BRIEF DESCRIPTION OF THE DRAWINGS
FIGS. 1A, 1B, and 1C show different views of a display for a
conventional selective call receiver.
FIG. 2 shows a block diagram of a selective call receiver according
to an embodiment of the present invention.
FIGS. 3A, 3B, and 3C show different views of the display of the
selective call receiver of FIG. 2 according to an embodiment of the
present invention.
FIGS. 4A, 4B, and 4C show a logical representation of storing and
presenting messages to a user of a numeric display message pager in
accordance with a first alternative embodiment of the present
invention.
FIGS. 5A, 5B, and 5C show a logical representation of storing and
presenting voice messages to a user of a stored voice message pager
in accordance with a second alternative embodiment of the present
invention.
FIG. 6 is a flow diagram for the selective call receiver of FIG. 2
in accordance with the present invention.
FIGS. 7A, 7B, 7C illustrate exemplary data structures in memory for
storing and presenting messages to a user of the selective call
receiver of FIG. 2 in accordance with the present invention.

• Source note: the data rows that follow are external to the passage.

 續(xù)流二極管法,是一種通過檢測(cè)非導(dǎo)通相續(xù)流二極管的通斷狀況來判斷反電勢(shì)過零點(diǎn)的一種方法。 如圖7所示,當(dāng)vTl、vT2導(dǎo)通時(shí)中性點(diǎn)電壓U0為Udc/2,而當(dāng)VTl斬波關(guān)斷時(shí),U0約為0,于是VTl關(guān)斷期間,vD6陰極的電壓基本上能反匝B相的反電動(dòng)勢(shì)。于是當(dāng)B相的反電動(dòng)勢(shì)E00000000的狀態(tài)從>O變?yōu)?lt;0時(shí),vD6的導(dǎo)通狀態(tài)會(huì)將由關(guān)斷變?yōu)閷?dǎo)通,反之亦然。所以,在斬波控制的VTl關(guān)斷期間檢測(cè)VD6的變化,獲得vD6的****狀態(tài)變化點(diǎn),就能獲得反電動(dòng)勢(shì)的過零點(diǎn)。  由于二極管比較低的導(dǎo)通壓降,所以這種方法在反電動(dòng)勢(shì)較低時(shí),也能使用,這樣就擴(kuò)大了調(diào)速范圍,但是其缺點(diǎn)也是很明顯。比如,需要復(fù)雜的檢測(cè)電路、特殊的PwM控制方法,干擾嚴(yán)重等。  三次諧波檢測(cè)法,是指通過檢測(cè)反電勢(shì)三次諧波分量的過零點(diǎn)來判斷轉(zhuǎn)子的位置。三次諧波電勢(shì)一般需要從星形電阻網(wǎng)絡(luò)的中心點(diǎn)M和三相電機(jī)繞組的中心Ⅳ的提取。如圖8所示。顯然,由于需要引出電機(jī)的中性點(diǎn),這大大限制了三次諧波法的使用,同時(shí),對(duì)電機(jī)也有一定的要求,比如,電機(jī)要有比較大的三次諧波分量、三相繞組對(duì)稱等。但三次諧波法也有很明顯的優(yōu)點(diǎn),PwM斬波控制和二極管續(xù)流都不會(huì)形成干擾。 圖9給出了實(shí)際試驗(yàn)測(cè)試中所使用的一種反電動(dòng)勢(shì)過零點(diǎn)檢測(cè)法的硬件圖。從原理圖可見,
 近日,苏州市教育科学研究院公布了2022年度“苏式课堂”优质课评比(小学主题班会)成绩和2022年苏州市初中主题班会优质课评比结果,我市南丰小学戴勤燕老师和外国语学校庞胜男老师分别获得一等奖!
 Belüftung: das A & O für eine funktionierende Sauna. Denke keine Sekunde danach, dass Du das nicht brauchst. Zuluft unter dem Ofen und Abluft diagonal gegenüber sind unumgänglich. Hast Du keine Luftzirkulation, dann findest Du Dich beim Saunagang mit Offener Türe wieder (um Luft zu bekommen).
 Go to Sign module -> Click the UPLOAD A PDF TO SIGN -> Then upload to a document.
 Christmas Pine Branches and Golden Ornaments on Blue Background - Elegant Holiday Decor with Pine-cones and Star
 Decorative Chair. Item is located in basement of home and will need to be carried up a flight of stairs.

DESCRIPTION OF A PREFERRED EMBODIMENT
Referring to FIG. 2, a block diagram of a selective call receiver
(e.g., a paging receiver) 200 is shown, according to an embodiment
of the present invention. The selective call receiver 200 is
powered by a battery 201 and operates to receive a radio frequency
signal via an antenna 202. A receiver 203 is coupled to the antenna
202 to receive the radio frequency signal. A demodulator 204 is
coupled to the receiver 203 to recover any information signal
present in the radio frequency signal using conventional
techniques. The recovered information signal from the demodulator
204 is coupled to a controller 205 which interprets and decodes the
recovered information in a manner well known to those skilled in
the art.
In the preferred embodiment, the controller 205 comprises a
microcomputer, such as a Motorola, Inc. manufactured microcomputer
(e.g., MC68HC05C4), and has a signal processor performing the
function of a decoder, which is normally implemented in both
hardware and software. The signal processor checks the recovered
information signal for address information and correlates a
recovered address with a predetermined address that is usually
stored in the selective call receiver's non-volatile memory 207.

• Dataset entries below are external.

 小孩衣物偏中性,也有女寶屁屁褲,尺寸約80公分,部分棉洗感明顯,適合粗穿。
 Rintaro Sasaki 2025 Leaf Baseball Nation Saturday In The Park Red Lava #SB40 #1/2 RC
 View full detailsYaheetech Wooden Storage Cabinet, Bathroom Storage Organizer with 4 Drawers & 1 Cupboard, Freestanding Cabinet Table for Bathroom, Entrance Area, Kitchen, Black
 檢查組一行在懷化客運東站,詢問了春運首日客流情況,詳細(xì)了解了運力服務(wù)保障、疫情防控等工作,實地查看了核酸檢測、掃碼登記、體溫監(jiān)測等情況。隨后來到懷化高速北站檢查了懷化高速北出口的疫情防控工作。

When the addresses correlate, and in accordance with settings
associated with user input controls 209, such as buttons or
switches, the controller 205 normally stores a recovered message in
a memory 206. The memory 206 comprises message storage slots for
storing received messages, one message per slot. Preferably, the
memory 206 is also non-volatile, such as being backed-up by the
battery 201 when the selective call receiver is turned off. In this
way, a user of the selective call receiver 200 is capable of
retrieving stored messages during normal use, even when the
selective call receiver 200 is turned off and then back on.
Subsequently, the selective call receiver 200 typically presents at
least a portion of the stored message to a user, such as by a
display 208 (e.g., a liquid crystal display). In one embodiment of
the present invention, the display 208 is a graphical display
capable of displaying icons that represent the stored messages.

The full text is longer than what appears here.